Purrfect is a 32 ft. Comfortina, made in Sweden. As a tiny hindrance to acquiring her, she is in dry dock, or “on the hard,” as the lingo goes, in Racine, Wisconsin. OK, it’s time to reveal that I’ve owned another sailboat. A San Juan 21 has been mine since about 2016. The problem is, I’ve been busy, and all I have done is work on her and get ready to work on her. She hasn’t been in the water since before 2014. So much for additional sailing prowess.
Then there was the matter of a place to put a boat. Something that long has a keel and doesn’t go on a trailer. It needs a slip. Which led to me recently phoning every marina from St. Joseph, MI to Holland, MI ever since I saw Purrfect for sale, and no one had a slip. Some waiting lines were 1-3 years long. I decided that a fleece was in order. I couldn’t very well get a boat and leave it in Wisconsin. So on April 23, 2021 I told my wife that my Friday day-off goal was to drive to Saugatuck and ask about slips in person. I figured that maybe a homeowner would put up a sign, knowing how tight availability was, advertising their private dock. We saw nothing. Driving home, I felt low. This was it, one last chance. South Haven wasn’t exactly on the way, but it was only 11 miles away. And to make it more of a miracle, I went to the least likely place, in person, the marina closest to the big lake. I walked up to a man near a huge opening, and he directed me to the office. “I’m interested in knowing if any slips are available?”
“What size boat?”
She grabbed a framed photo off a hook, plopped it on the glass countertop, and pointed to a spot just behind a drawbridge. “One.
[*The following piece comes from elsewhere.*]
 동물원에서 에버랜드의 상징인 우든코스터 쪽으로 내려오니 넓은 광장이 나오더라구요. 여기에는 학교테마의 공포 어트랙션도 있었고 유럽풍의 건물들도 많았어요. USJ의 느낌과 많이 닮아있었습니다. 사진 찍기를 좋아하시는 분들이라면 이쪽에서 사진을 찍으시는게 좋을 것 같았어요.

Here!”
I blurted out that I’d take it, but she said “Go look at it. Call me at 9 AM if you want it. We are closing right now”
We looked at the last slip available on the west side of Michigan at the port closest to our home. At 9 AM on April 24th it became ours for one season.
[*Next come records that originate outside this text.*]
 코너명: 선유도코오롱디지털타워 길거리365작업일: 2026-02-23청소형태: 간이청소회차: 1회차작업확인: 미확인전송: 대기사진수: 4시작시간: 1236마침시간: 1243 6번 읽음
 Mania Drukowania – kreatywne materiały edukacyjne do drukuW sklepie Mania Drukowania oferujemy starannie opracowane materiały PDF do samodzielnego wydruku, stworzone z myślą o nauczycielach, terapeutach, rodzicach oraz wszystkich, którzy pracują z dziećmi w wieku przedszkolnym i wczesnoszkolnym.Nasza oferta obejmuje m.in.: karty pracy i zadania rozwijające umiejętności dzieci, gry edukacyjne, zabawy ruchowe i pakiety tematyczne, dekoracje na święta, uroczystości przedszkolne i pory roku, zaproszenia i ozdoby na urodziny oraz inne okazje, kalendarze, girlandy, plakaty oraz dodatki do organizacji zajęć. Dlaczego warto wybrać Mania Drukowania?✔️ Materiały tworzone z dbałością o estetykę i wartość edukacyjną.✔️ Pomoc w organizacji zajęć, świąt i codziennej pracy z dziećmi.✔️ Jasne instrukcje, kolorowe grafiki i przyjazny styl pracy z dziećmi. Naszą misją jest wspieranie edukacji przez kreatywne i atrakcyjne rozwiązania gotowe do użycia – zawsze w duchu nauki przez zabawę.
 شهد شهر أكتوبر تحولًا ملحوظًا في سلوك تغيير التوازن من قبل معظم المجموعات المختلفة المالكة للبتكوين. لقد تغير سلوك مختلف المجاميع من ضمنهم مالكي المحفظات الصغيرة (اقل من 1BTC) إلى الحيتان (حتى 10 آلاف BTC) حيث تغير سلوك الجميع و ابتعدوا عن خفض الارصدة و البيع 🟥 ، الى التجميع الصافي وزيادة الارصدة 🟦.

A year or more ago I asked a friend if rumors were true that he was a sailor. No, he said, but call Tim. I imagined that instruction would be for the San Juan. Today I made that call. Yup, he’s that guy. He’s sailed a round-trip race from Holland to Milwaukee and back a couple of times, the Chicago to Mackinac race and some others and some ocean sailing. And he can’t wait. “Let’s pick the windiest, rainy day and we’ll have a blast!” Purrfect is coming back to Michigan after a 17 year-long visit to Wisconsin as soon as she passes the inspection of a surveyor. And her name will not change. She’s Purrfect. We have 10 cats.